>>>>
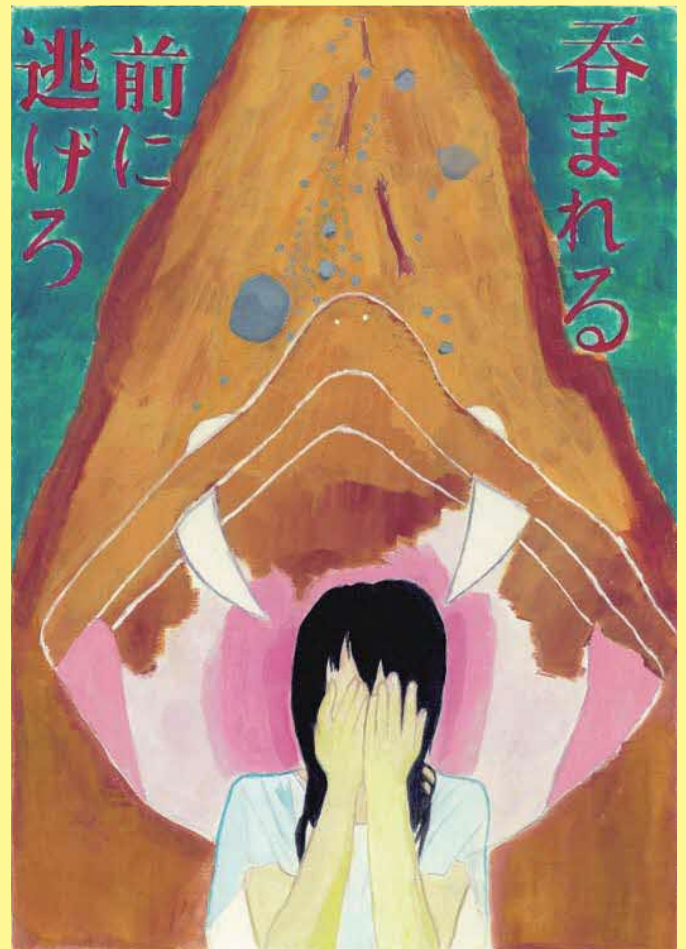
「命の危険が来る前に」
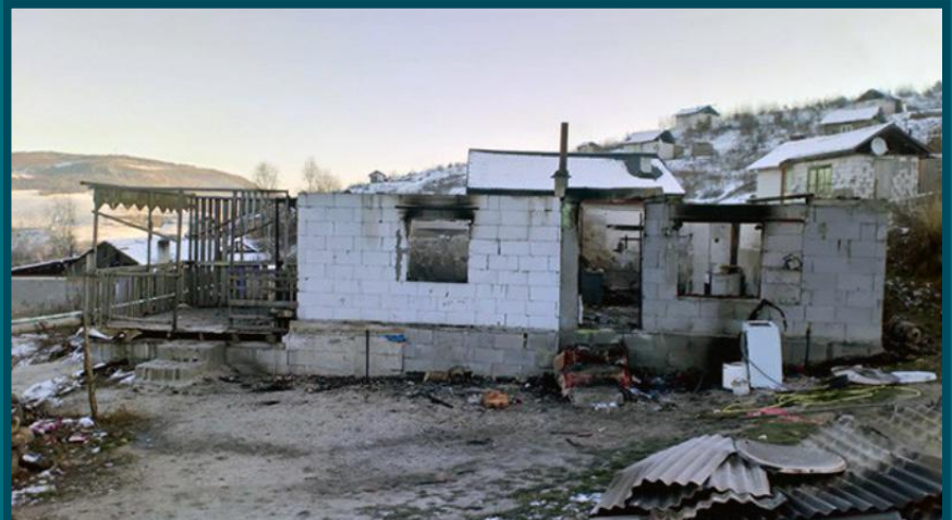
The remains of the home in which a mother and her four young children died after it caught fire on 30 November 2018.

Nach dem TRAGISCHEN TOD EINER ROMNI UND IHRER VIER TÖCHTER in der Slowakei machte sich der Rassismus in den Kommentarspalten von Online-Medien Luft. Auch auf der Facebook-Seite der Polizei. Diese kündigte an, gegen die Verfasser_innen vorzugehen.
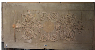
Vue générale - panneau 10 IVR84_20226300831NUCA
<<<<
## Work instruction
Top to bottom, retype the listing exactly but drop every picture.

## Solved exercise
「命の危険が来る前に」
The remains of the home in which a mother and her four young children died after it caught fire on 30 November 2018.

Nach dem TRAGISCHEN TOD EINER ROMNI UND IHRER VIER TÖCHTER in der Slowakei machte sich der Rassismus in den Kommentarspalten von Online-Medien Luft. Auch auf der Facebook-Seite der Polizei. Diese kündigte an, gegen die Verfasser_innen vorzugehen.
Vue générale - panneau 10 IVR84_20226300831NUCA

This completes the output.